Top of Data to use
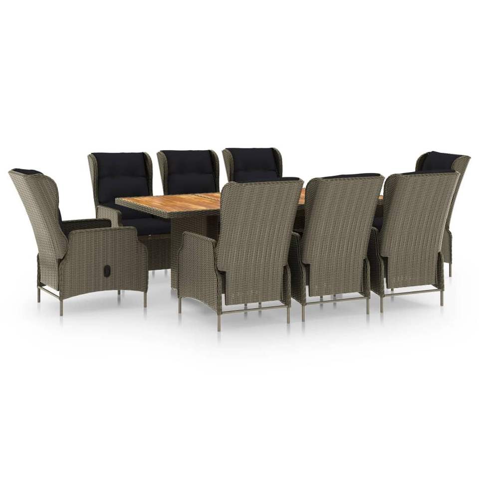 Ensemble de salle à manger de jardin en rotin PE brun 9 pièces, mobilier d'extérieur résistant aux intempéries, design contemporain
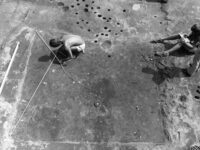 When PG3 was separated into three separate sites, excavators created a list of which 40-by-60 foot blocks should be assigned to each site. Vertical control was maintained by digging according to natural stratigraphy but at times arbitrary levels were also used within natural layers. Index numbers were assigned to each separate deposit or level designated by excavators. A combination of block number, quadrat letter, and index number was used as the provenience system for tracking artifacts. For example, artifacts labeled PG3/194A1 are from 44PG65, block 194 , quadrat A , and level index 1 (plowzone). Excavators recorded detailed information about each unit and level in the Level Book and captured plan views and profiles in drawn maps and photographic slides.
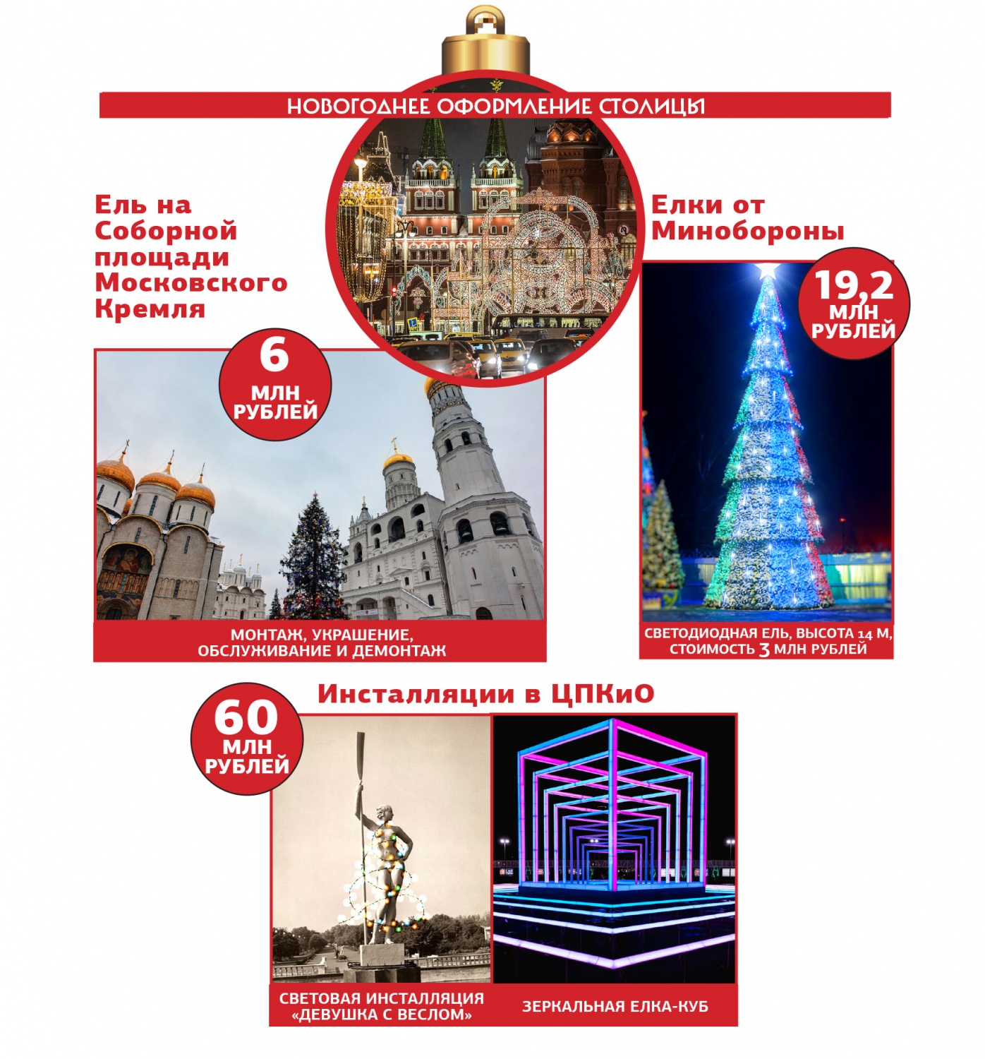 Подарки детям — далеко не все новогодние траты госорганов и госкомпаний. Администрации городов украшают улицы, а учреждения, банки и предприятия — фасады своих зданий. Главный заказчик по этой части — Москва, в прошлом году, по подсчетам «Медузы», потратившая на оформление столицы «в итальянском стиле» около 7 млрд руб. Только за световые конструкции в виде фужеров с шампанским, украсившие 64 фонаря на Тверской, город выложил из своего бюджета более 143 млн руб.
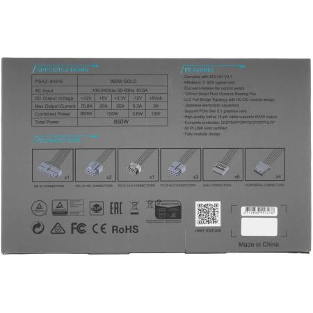 Блок питания Azza ATX 850W PSAZ-850G Gen.5 80+ gold (20+4pin) APFC 120mm fan 6xSATA Cab Manag RTL
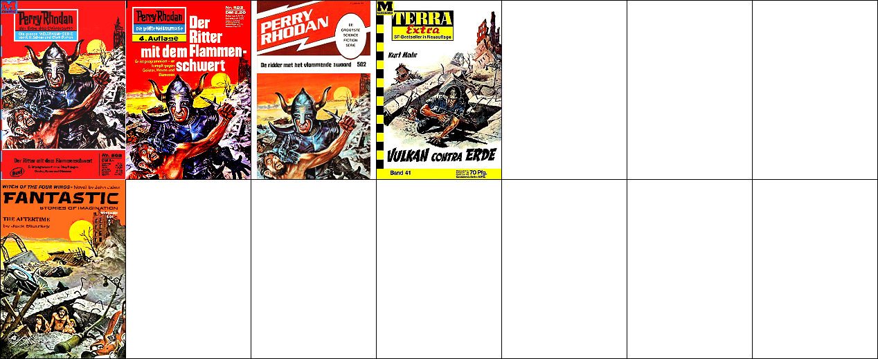 1 - 6 gleiches Bild, 4 s/w, 7 Motiv für japanische Ausgabe nachgezeichnet, 8 ist das Vorbild für den Hintergrund von 1 mit Vulkan, Himmel und Boden mit Rissen |
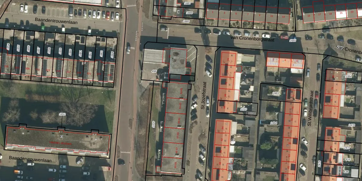 Het perceel waarop St.Jozefstraat 53 staat heeft een oppervlakte van 1084 m². Dit is een zeer groot perceel. De perceeloppervlakte wordt geregistreerd door het Kadaster. Gedetailleerde informatie over de maten van dit perceel kunt u vinden in het rapport Kadastrale kaart met maatvoering van St.Jozefstraat 53.
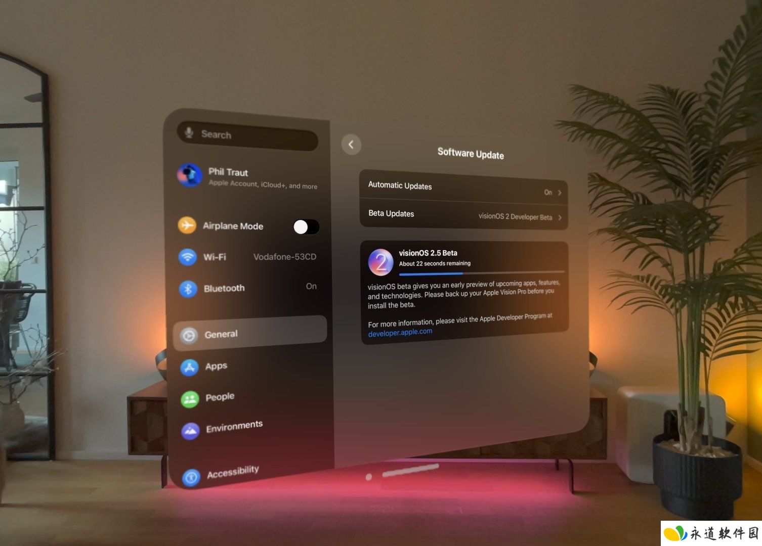 苹果目前未披露具体功能改进,可能聚焦于性能优化和漏洞修复,为后续重大版本(如 visionOS 3.0)做准备。开发者可通过 Apple Developer 网站下载测试版,内部版本号为 22O5442g。
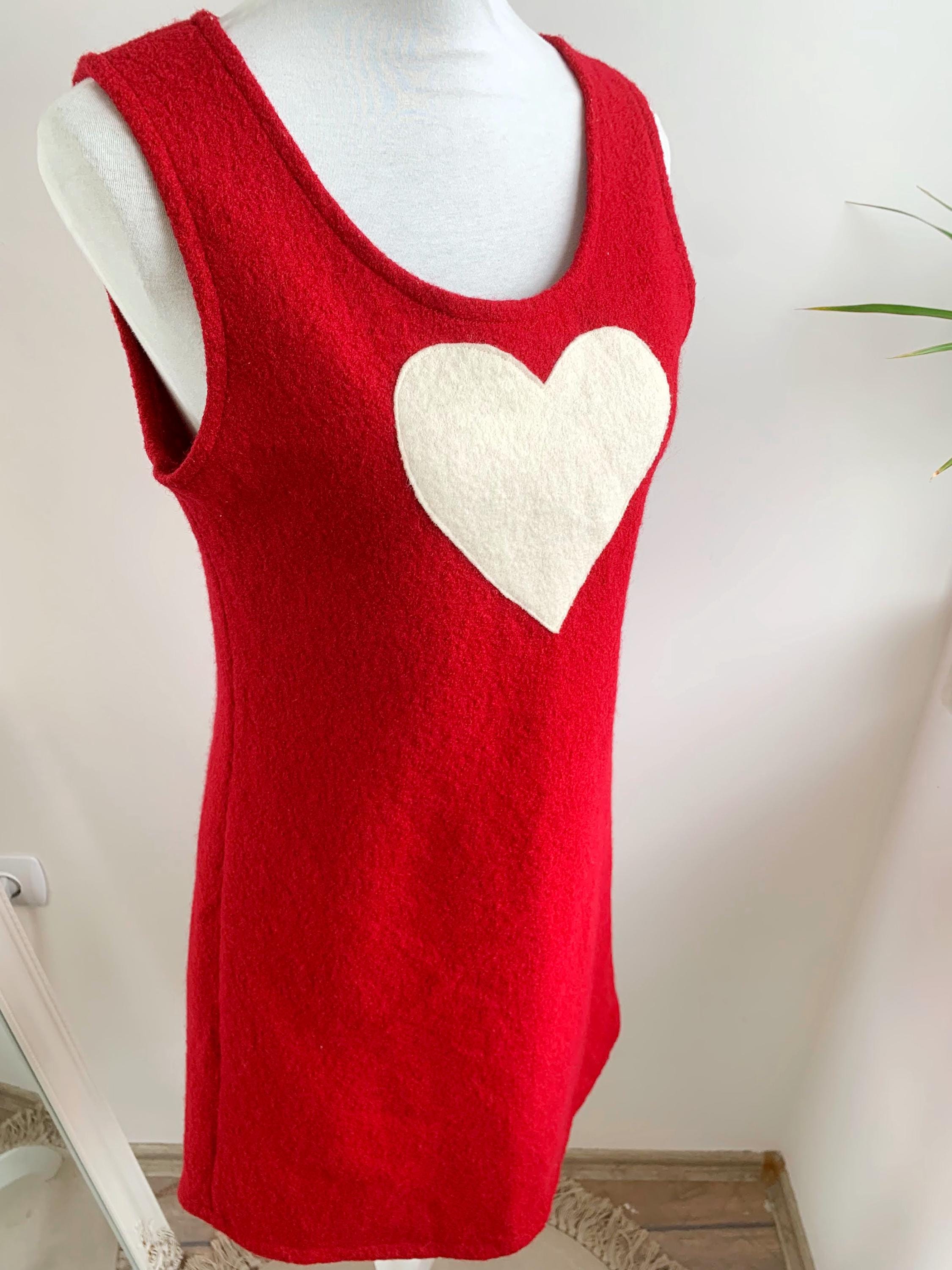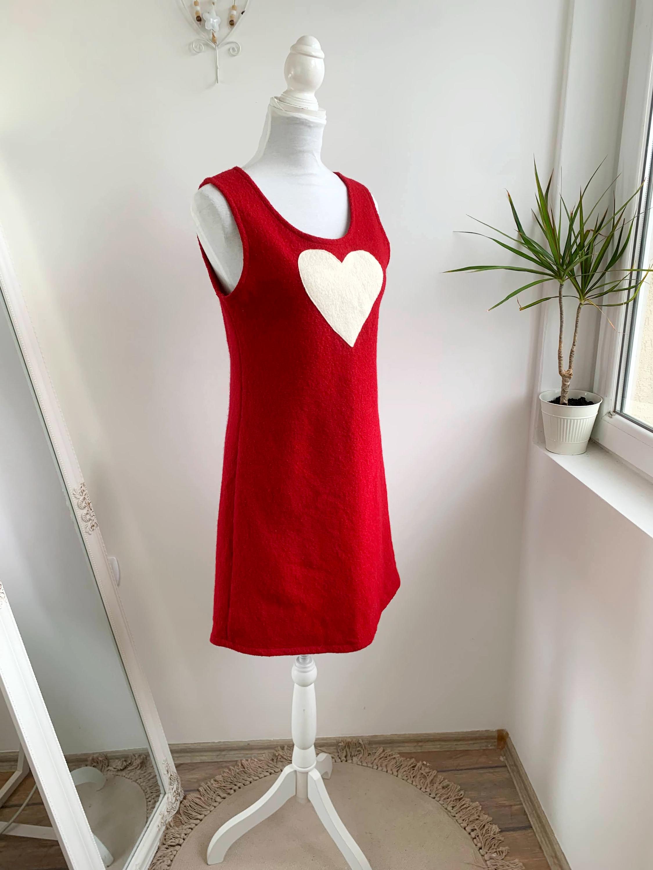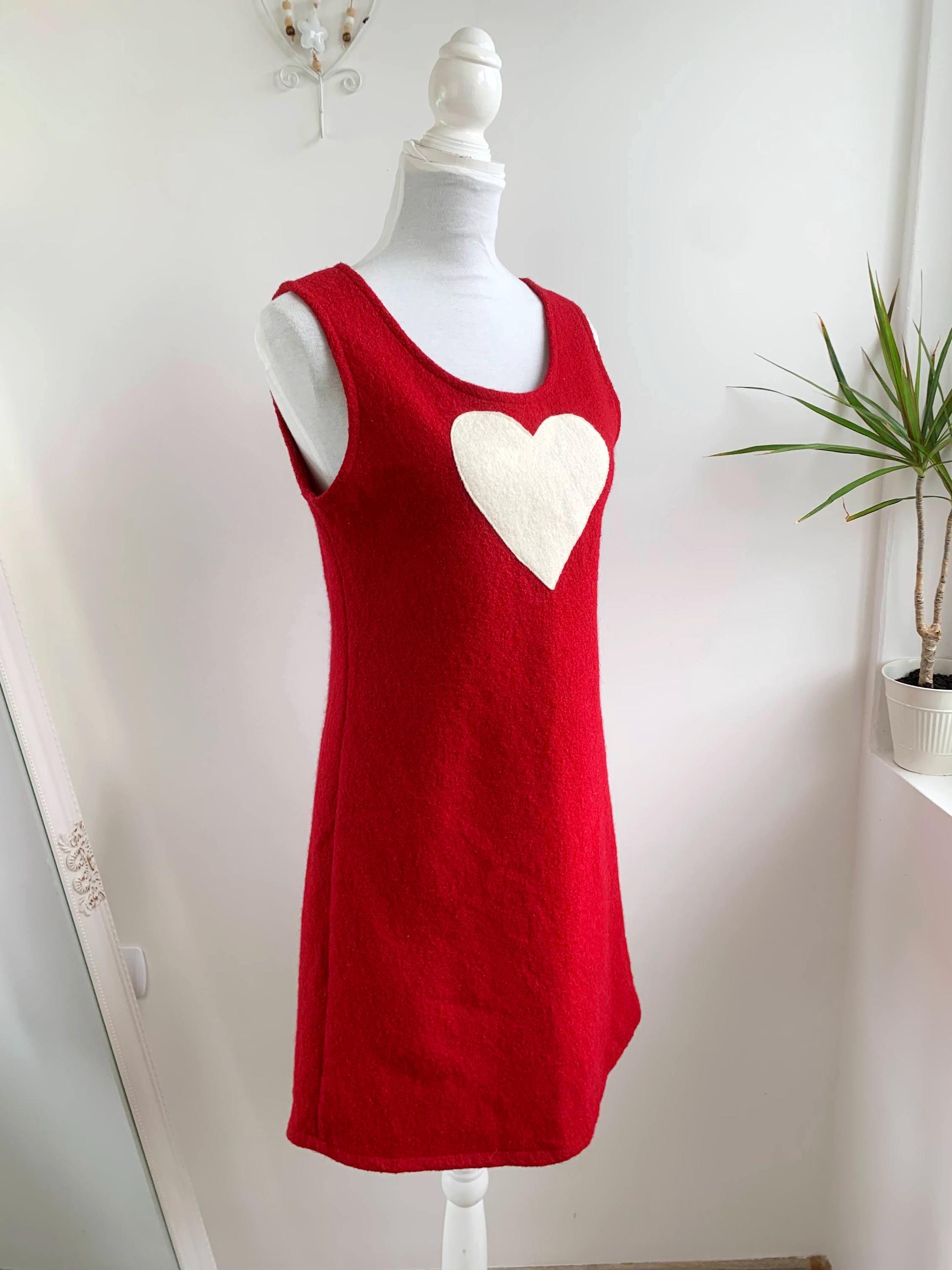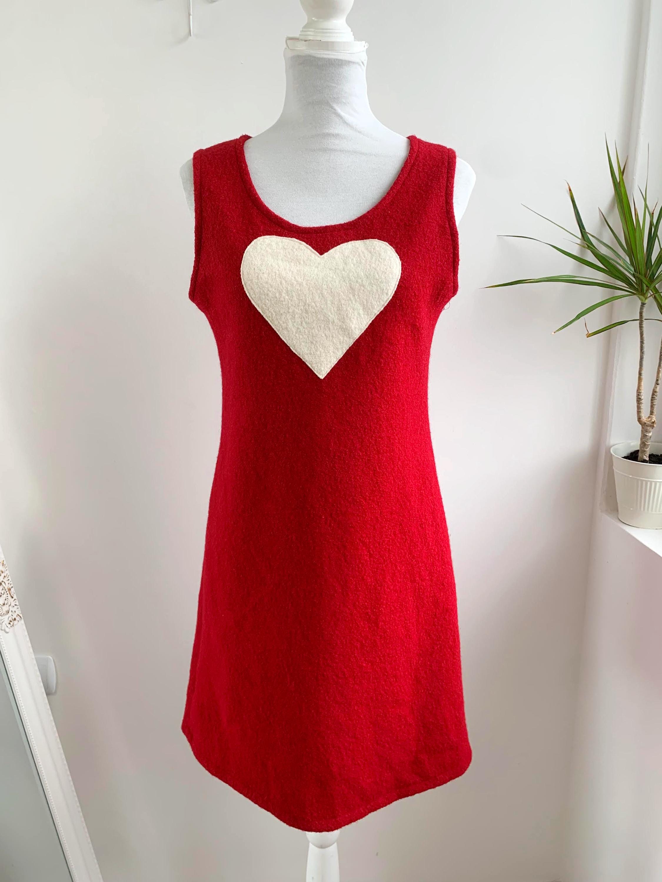 The standout feature is the bold, oversized cream-colored felt heart appliqué placed right on the chest, giving the dress a romantic, slightly Mod 1960s or Folk-Art aesthetic. Its sleeveless, A-line shift silhouette is incredibly versatile—perfect for layering over a turtleneck or long-sleeve blouse in the colder months, or wearing as a simple tunic in warmer weather. The quality is exceptional, indicative of genuine Norwegian craftsmanship often seen in brands that prioritize wool and traditional techniques.
Bottom of Data to use
**What needs to be done:**
With pictures excluded, the data must be transcribed in full and to the letter.

**Solution for this task:**
 Ensemble de salle à manger de jardin en rotin PE brun 9 pièces, mobilier d'extérieur résistant aux intempéries, design contemporain
 When PG3 was separated into three separate sites, excavators created a list of which 40-by-60 foot blocks should be assigned to each site. Vertical control was maintained by digging according to natural stratigraphy but at times arbitrary levels were also used within natural layers. Index numbers were assigned to each separate deposit or level designated by excavators. A combination of block number, quadrat letter, and index number was used as the provenience system for tracking artifacts. For example, artifacts labeled PG3/194A1 are from 44PG65, block 194 , quadrat A , and level index 1 (plowzone). Excavators recorded detailed information about each unit and level in the Level Book and captured plan views and profiles in drawn maps and photographic slides.
 Подарки детям — далеко не все новогодние траты госорганов и госкомпаний. Администрации городов украшают улицы, а учреждения, банки и предприятия — фасады своих зданий. Главный заказчик по этой части — Москва, в прошлом году, по подсчетам «Медузы», потратившая на оформление столицы «в итальянском стиле» около 7 млрд руб. Только за световые конструкции в виде фужеров с шампанским, украсившие 64 фонаря на Тверской, город выложил из своего бюджета более 143 млн руб.
 Блок питания Azza ATX 850W PSAZ-850G Gen.5 80+ gold (20+4pin) APFC 120mm fan 6xSATA Cab Manag RTL
 1 - 6 gleiches Bild, 4 s/w, 7 Motiv für japanische Ausgabe nachgezeichnet, 8 ist das Vorbild für den Hintergrund von 1 mit Vulkan, Himmel und Boden mit Rissen |
 Het perceel waarop St.Jozefstraat 53 staat heeft een oppervlakte van 1084 m². Dit is een zeer groot perceel. De perceeloppervlakte wordt geregistreerd door het Kadaster. Gedetailleerde informatie over de maten van dit perceel kunt u vinden in het rapport Kadastrale kaart met maatvoering van St.Jozefstraat 53.
 苹果目前未披露具体功能改进,可能聚焦于性能优化和漏洞修复,为后续重大版本(如 visionOS 3.0)做准备。开发者可通过 Apple Developer 网站下载测试版,内部版本号为 22O5442g。
 The standout feature is the bold, oversized cream-colored felt heart appliqué placed right on the chest, giving the dress a romantic, slightly Mod 1960s or Folk-Art aesthetic. Its sleeveless, A-line shift silhouette is incredibly versatile—perfect for layering over a turtleneck or long-sleeve blouse in the colder months, or wearing as a simple tunic in warmer weather. The quality is exceptional, indicative of genuine Norwegian craftsmanship often seen in brands that prioritize wool and traditional techniques.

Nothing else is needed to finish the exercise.